'''

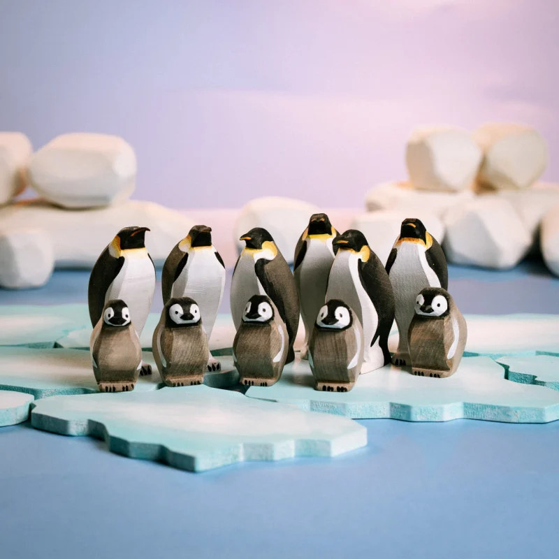 Hozd közelebb a természetet és a kreativitást a gyermekeidhez ezekkel a varázslatos kézzel készült Bumbu Toys fajáték családdal! A pingvinek nagyon társasági lények. Mindent együtt csinálnak. Esznek, úsznak, vadásznak, fészkelnek.
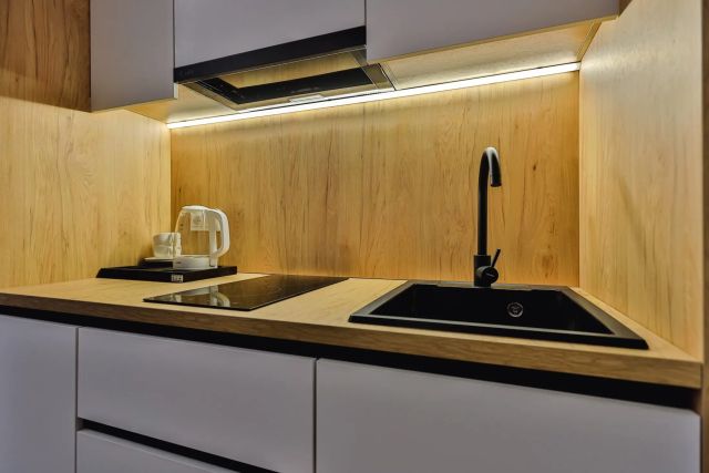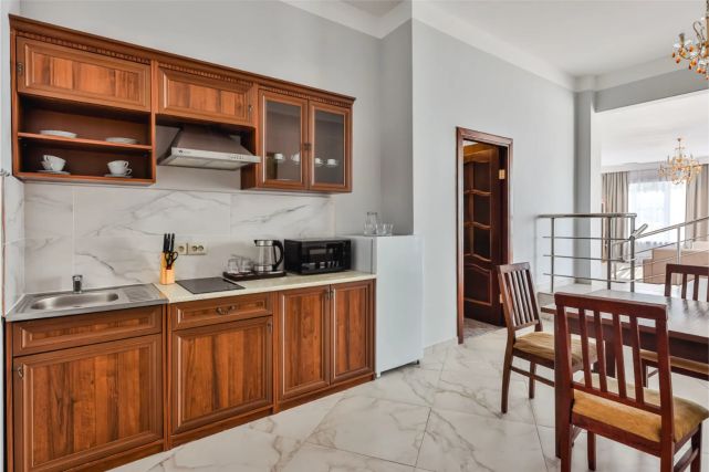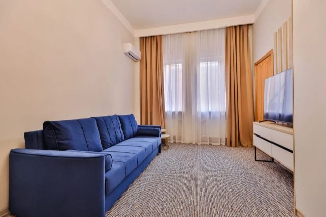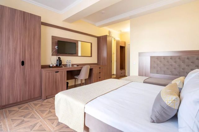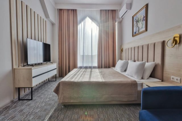 В номерах: кондиционер, система климат-контроля, мини-холодильник, телефон, телевизор, банные принадлежности, зеркало для макияжа, шкаф, сушилка для белья, туалетный столик.
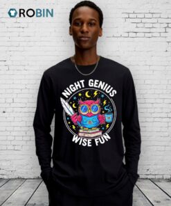 Ever feel like channeling your inner night owl? This vibrant design captures an owl with quirky glasses, surrounded by stars and a touch of wisdom. It’s a reminder that learning can be filled with fun and inspiration, even when the sun sets. Perfect for those who embrace the magic of both knowledge and creativity. Add a spark to your wardrobe with this unique piece!
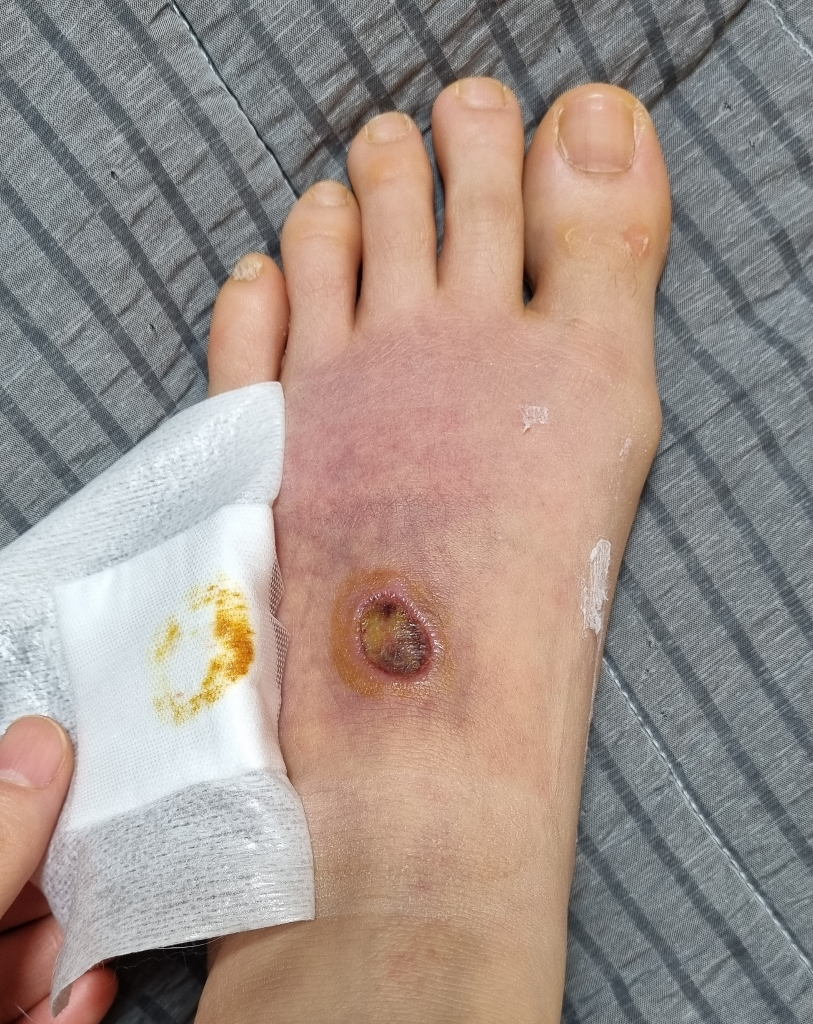 -신발이 불편해서 발등에 물집 생김 10흘 후 터짐
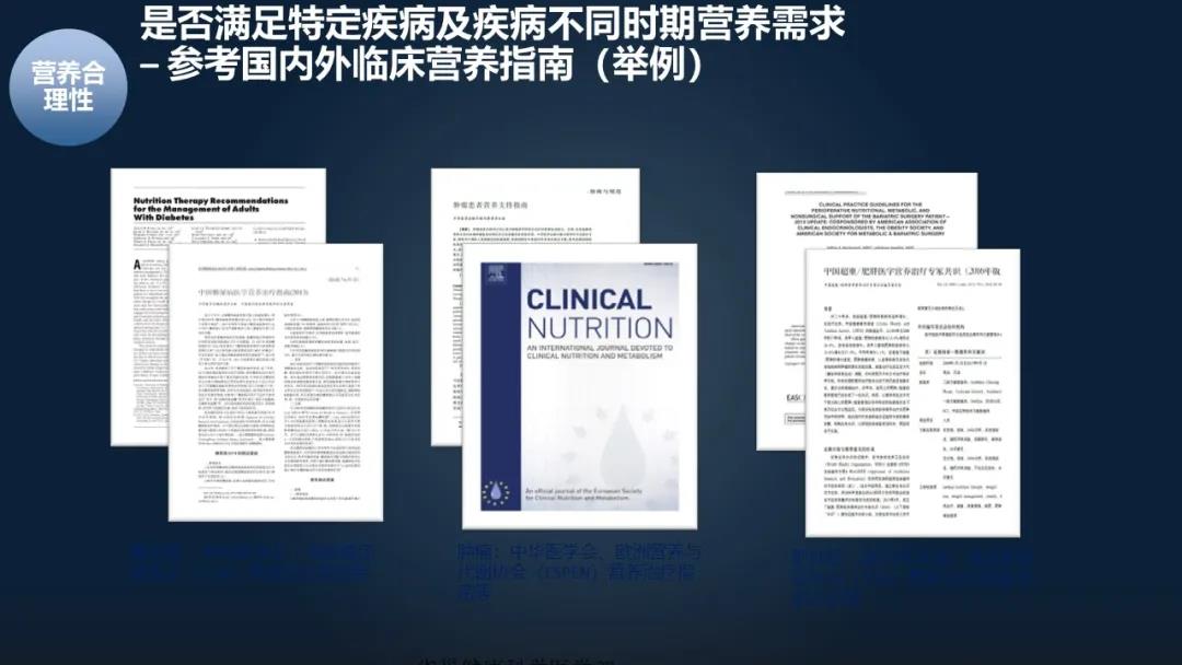 那么同樣地,針對(duì)每一個(gè)臨床疾病,現(xiàn)在國際、國內(nèi)都有一些專業(yè)組織、專業(yè)學(xué)會(huì)會(huì)推薦一些臨床營養(yǎng)指南和臨床營養(yǎng)共識(shí)。這個(gè)是一定要參考的,因?yàn)樵谶@里,每一種疾病情況下,臨床營養(yǎng)指南是對(duì)于包括代謝、康復(fù)等各種情況都有考量的。
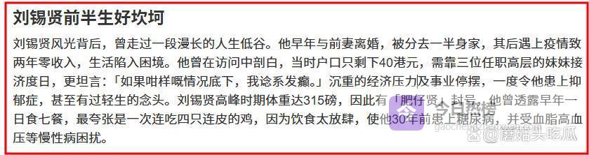港媒得知刘锡贤的遭遇,感慨他是港圈“最苦命肥仔”。
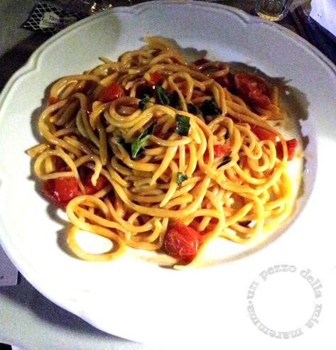 Abbiamo iniziato con un antipasto molto delicato, vellutata di pomodoro con crostini il tutto condito con olio extravergine bio della Sabina, mousse di baccalà; risotto alle zucchine, gnocchetti di “coda de soreca” all’amatriciana, una pasta fatta con acqua e farina, a me un ottimo piatto di queste stupende codice di sorcio, tradotto, al pomodoro e basilico, davvero molto buoni; involtini di vitellone, e trippa alla romana che io non ho mangiato; misticanza di stagione, e cicoria ripassata in padella; e ancora, ciambelline al vino le tipiche ciambelline dei castelli romani e un semifreddo al melone. Ottimo il liquore al finocchietto.
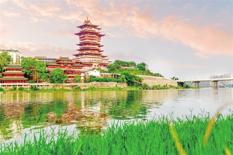 “云架重樓出郡城,虹梁雅韻仲宣情”大意是,越王樓高聳入云,超出城郭之上;彩虹般壯美的梁柱與雅致氣韻,觸發(fā)了詩人的抒懷之情。首聯(lián)既展現越王樓的壯麗,又描寫其建筑之美。
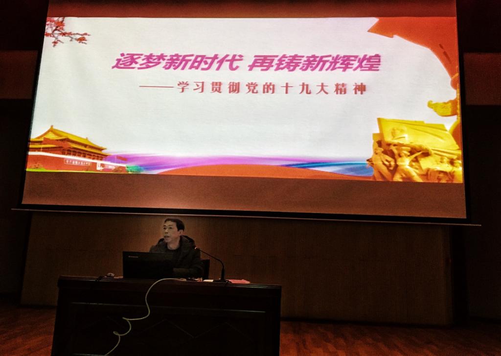 (图1 陈书记为17级、16级、15级学生作学习贯彻十九大精神的宣讲报告)

'''

Set the listing above down again exactly, leaving pictures out.

*EXERCISE OUTPUT:*
 Hozd közelebb a természetet és a kreativitást a gyermekeidhez ezekkel a varázslatos kézzel készült Bumbu Toys fajáték családdal! A pingvinek nagyon társasági lények. Mindent együtt csinálnak. Esznek, úsznak, vadásznak, fészkelnek.
 В номерах: кондиционер, система климат-контроля, мини-холодильник, телефон, телевизор, банные принадлежности, зеркало для макияжа, шкаф, сушилка для белья, туалетный столик.
 Ever feel like channeling your inner night owl? This vibrant design captures an owl with quirky glasses, surrounded by stars and a touch of wisdom. It’s a reminder that learning can be filled with fun and inspiration, even when the sun sets. Perfect for those who embrace the magic of both knowledge and creativity. Add a spark to your wardrobe with this unique piece!
 -신발이 불편해서 발등에 물집 생김 10흘 후 터짐
 那么同樣地,針對(duì)每一個(gè)臨床疾病,現(xiàn)在國際、國內(nèi)都有一些專業(yè)組織、專業(yè)學(xué)會(huì)會(huì)推薦一些臨床營養(yǎng)指南和臨床營養(yǎng)共識(shí)。這個(gè)是一定要參考的,因?yàn)樵谶@里,每一種疾病情況下,臨床營養(yǎng)指南是對(duì)于包括代謝、康復(fù)等各種情況都有考量的。
港媒得知刘锡贤的遭遇,感慨他是港圈“最苦命肥仔”。
 Abbiamo iniziato con un antipasto molto delicato, vellutata di pomodoro con crostini il tutto condito con olio extravergine bio della Sabina, mousse di baccalà; risotto alle zucchine, gnocchetti di “coda de soreca” all’amatriciana, una pasta fatta con acqua e farina, a me un ottimo piatto di queste stupende codice di sorcio, tradotto, al pomodoro e basilico, davvero molto buoni; involtini di vitellone, e trippa alla romana che io non ho mangiato; misticanza di stagione, e cicoria ripassata in padella; e ancora, ciambelline al vino le tipiche ciambelline dei castelli romani e un semifreddo al melone. Ottimo il liquore al finocchietto.
 “云架重樓出郡城,虹梁雅韻仲宣情”大意是,越王樓高聳入云,超出城郭之上;彩虹般壯美的梁柱與雅致氣韻,觸發(fā)了詩人的抒懷之情。首聯(lián)既展現越王樓的壯麗,又描寫其建筑之美。
 (图1 陈书记为17级、16级、15级学生作学习贯彻十九大精神的宣讲报告)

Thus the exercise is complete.